The bubble octant and bubble sextant are air navigation instruments. Although an instrument is called a "bubble sextant", it may actually be a bubble octant.

Use
Ships had long used sextants for navigation, but sextants had problems in aircraft navigation.

A ship at sea is on a relatively flat surface and can use the horizon to measure the altitude of celestial objects.

An aircraft may not have the sea's horizon as a flat reference surface. It may be flying over land where the horizon is formed by mountains of unknown height.

A solution to the problem was to use a bubble to determine the reference plane.

The bubble in an airplane is subject to the plane's acceleration. If the plane is in sharp turn, the bubble will be displaced. Consequently, when the navigator is using a bubble sextant, the pilot tries to fly the plane straight and level.

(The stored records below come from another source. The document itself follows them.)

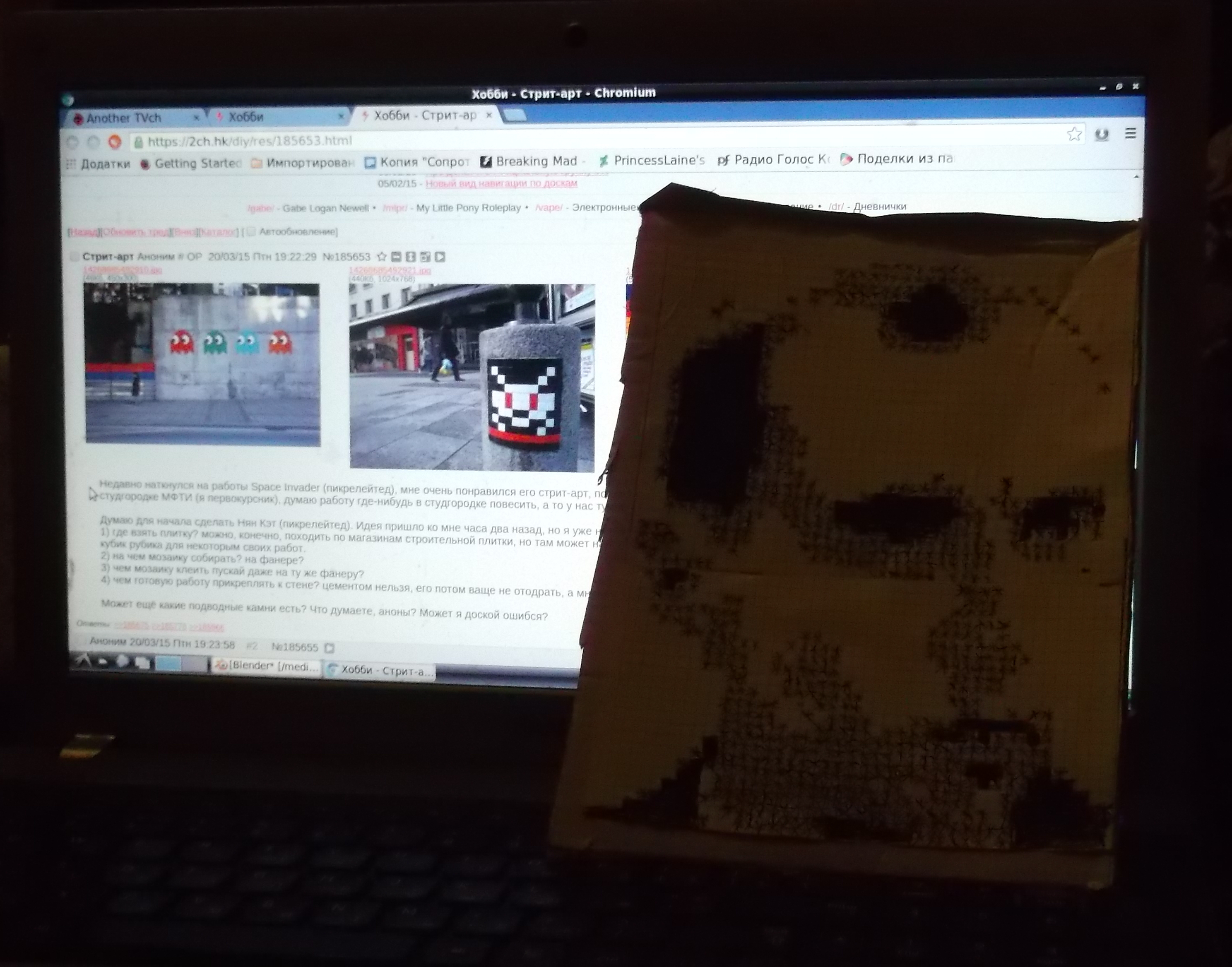 Думаю для начала сделать Нян Кэт (пикрелейтед). Идея пришло ко мне часа два назад, но я уже напоролся на некоторые подводные камни. 1) где взять плитку? можно, конечно, походить по магазинам строительной плитки, но там может на найти ярких цветов. в одном месте прочитал, что сам Space Invader использовал кубик рубика для некоторым своих работ. 2) на чем мозаику собирать? на фанере? 3) чем мозаику клеить пускай даже на ту же фанеру? 4) чем готовую работу прикреплять к стене? цементом нельзя, его потом ваще не отодрать, а мне нужно в случае крайне необходимости иметь возможность отодрать со стены работу
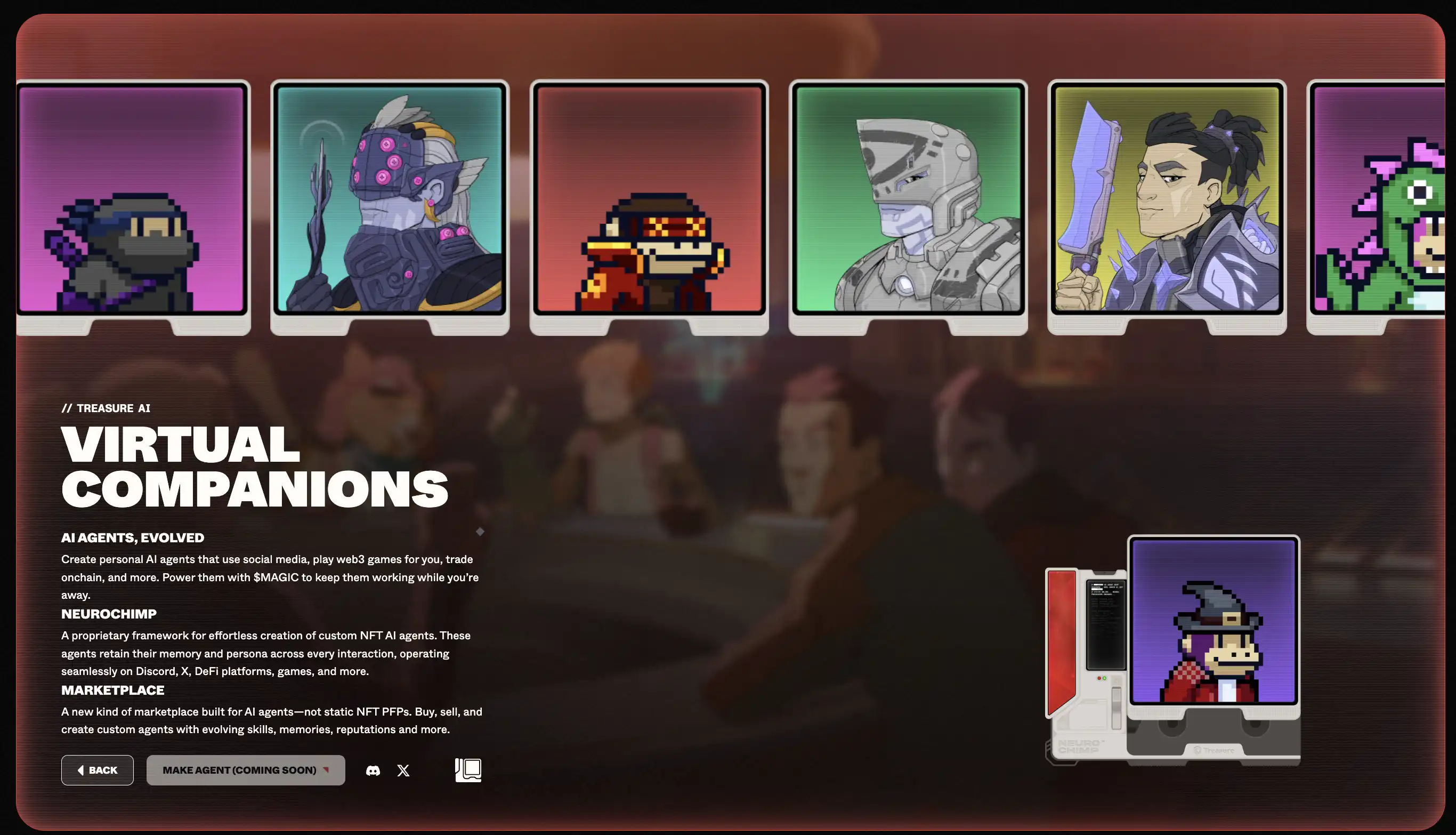 前段时间 Treasure 刚刚宣布将把项目的重心从游戏链以及游戏的运营转移到 AI+NFT 上,SMOL 在今天便给出了第一份答卷,Smol 宣布发布「Virtual Companions」功能,能够将 NFT 变成 AI Agent 并且这些 Agent 将能够使用社交媒体并自己玩 GameFi 或 DeFi,并且做了个供 AI Agent 买卖技能、记忆等资料信息的市场。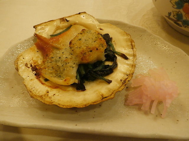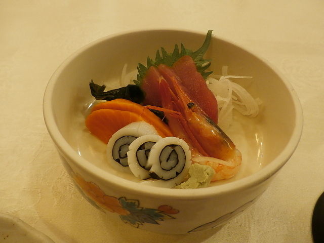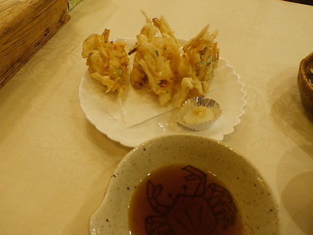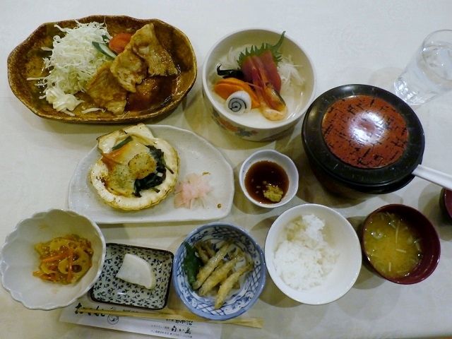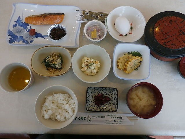 夕食は、刺身、とり貝のオーブン焼き、わかさぎの天ぷら、豚肉の生姜焼き、かき揚げ天ぷら、小鉢、ご飯お櫃、味噌汁、漬物が付く。2食付きで5000円は安い。ボリュームがあって、中ジョッキ生(550円)で腹一杯になった。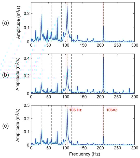 Processing results of a bearing with outer race fault using the techniques of: (a) HHT, (b) TK, and (c) eTK. The red dashed lines represent fault characteristic frequency (106 Hz) and the black dashed lines represent shaft frequency (29.53 Hz) and its harmonics.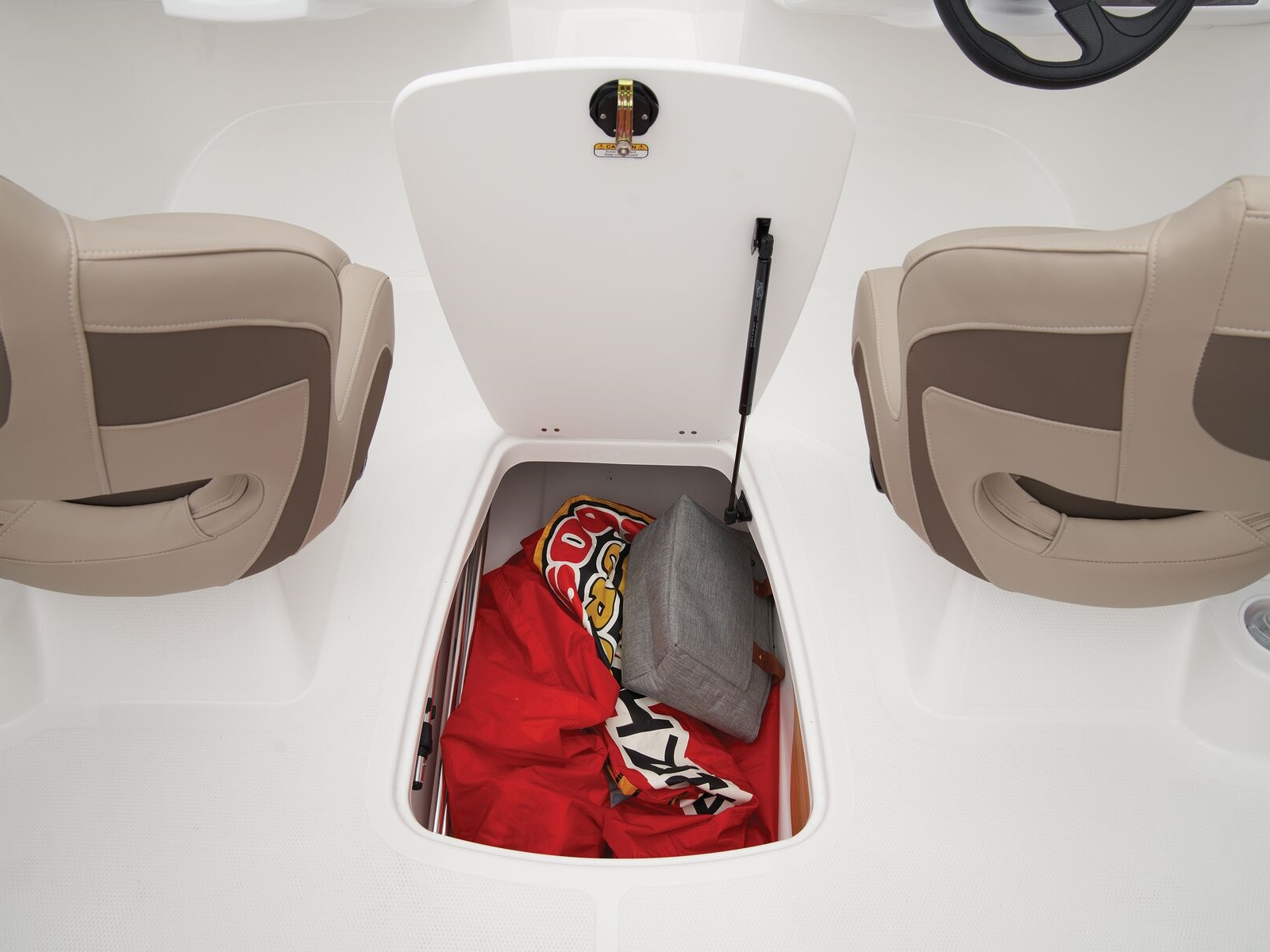 - In-floor wakeboard/ski storage compartment w/hold-open lid assist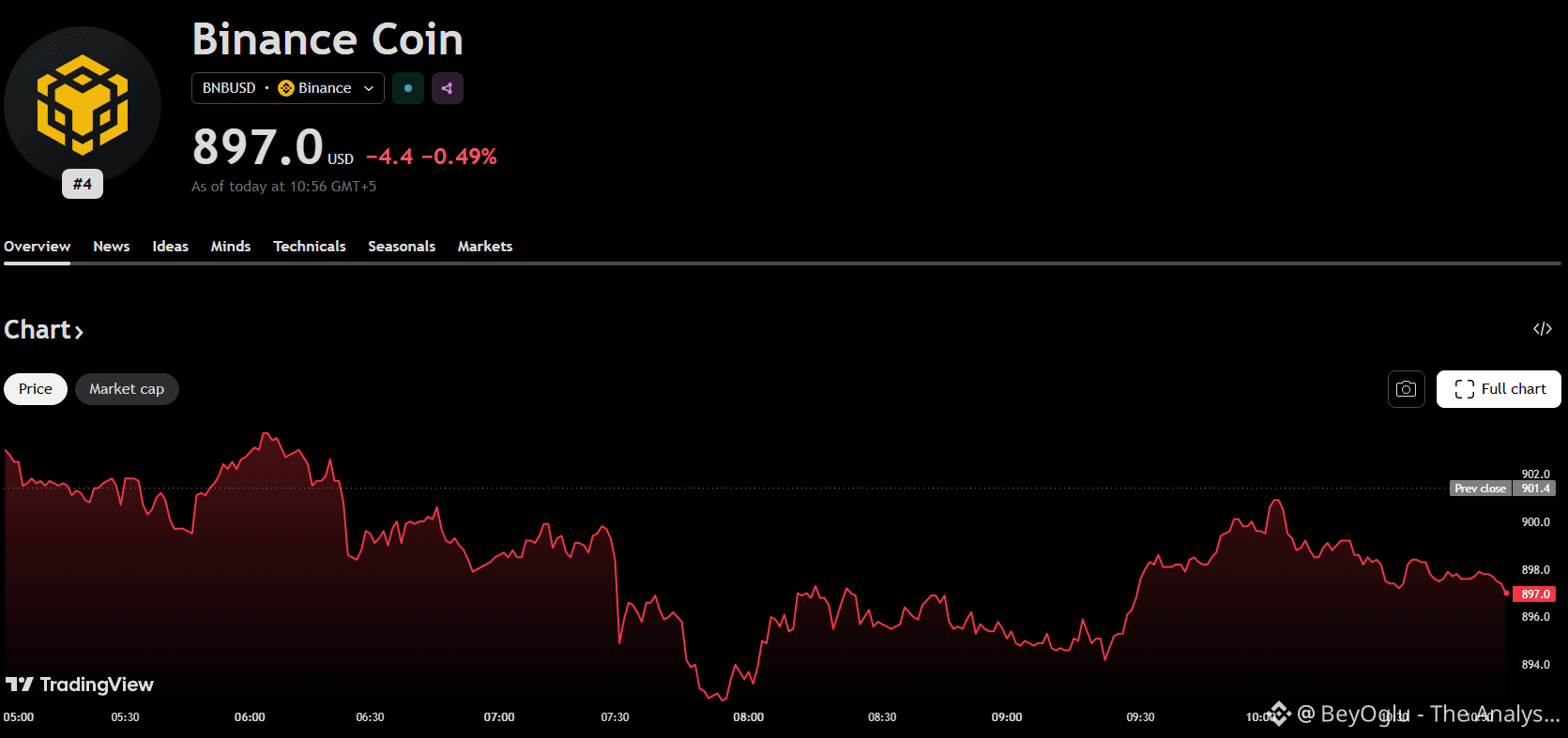 $BNB Chain’s native token, BNB, extended its recent advance, rising more than 5% to $893 as it nears the $900 resistance level.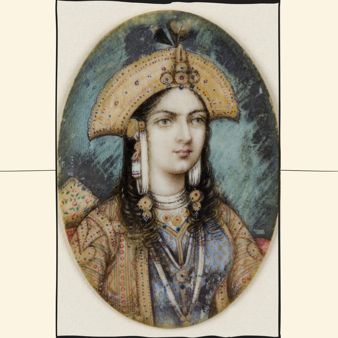 Born Arjumand Banu Begum in 1593, she is the fabled queen of Shah Jahan, the very one who inspired the Taj Mahal. Her father Asaf Khan, who happens to also be Nur Jahan’s brother, is the Grand Vizier to Emperor Jahangir; Mumtaz is Nur Jahan’s niece, and will go on to be her step-daughter in law.

Even when flying straight and level, the plane is subject to accelerations from density and wind changes. Consequently, many readings are taken and then averaged for a more accurate result. Some bubble octants have accessories to make the averaging simpler.

Development

Isaac Newton developed the quadrant.

The octant was a further improvement. It could measure altitudes of up to 90° above the horizon.

The sextant became the standard navigation instrument for ships. It could measure altitudes of up to about 120 degrees. That allowed the navigator to sight the horizon in front and measure the altitude of a star that was slightly behind.

The first bubble instruments were bubble sextants copying the features of an ordinary sextant. However, a bubble instrument does not view the horizon, so it never needs to measure an angle >90°. Modern instruments are technically bubble octants, though they may be labelled bubble sextants.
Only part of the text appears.